= Aaron B. Lerner =

American medical researcher and physician

Aaron Bunsen Lerner (September 21, 1920 – February 3, 2007) was an American physician, researcher and professor who is known for the discovery of melatonin. He was the first chair of the Department of Dermatology at Yale University.

==Life and career==
Born in 1920 in Minneapolis, Lerner received his medical degree and a PhD in chemistry from the University of Minnesota in 1945. After teaching at the universities of Michigan and Oregon, he joined the Yale University School of Medicine as an associate professor of medicine in 1955. The following year he became director of the dermatology section within the Department of Internal Medicine, and when the Department of Dermatology was established in 1971 he was appointed its first chair. When Professor Lerner retired in 1991, he was named a Professor Emeritus of Dermatology. He was in 1973 elected to membership in the National Academy of Sciences (Medical physiology and metabolism).

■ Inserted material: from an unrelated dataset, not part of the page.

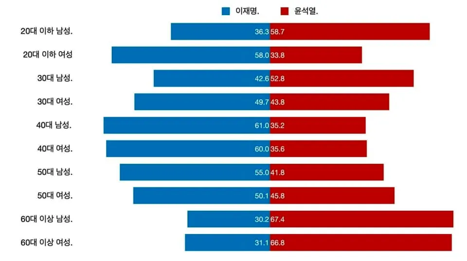 이번 대선은 기존 선거의 주요 균열 요소였던 지역과 세대 외 새로운 균열 범주를 드러냄

Lerner is perhaps best known for leading the team of researchers who isolated and named, in 1958, the hormone melatonin. He was an expert in the metabolic basis of inherited diseases, particularly vitiligo for which he, in the 1980s, developed a skin transplantation therapy. Lerner also isolated the compound melanocyte-stimulating hormone (MSH).

Lerner was married to Marguerite Rush Lerner, an author of children's books and a book about admission to medical school (Medical School: The Interview and the Applicant). Their two sons are both dermatologists.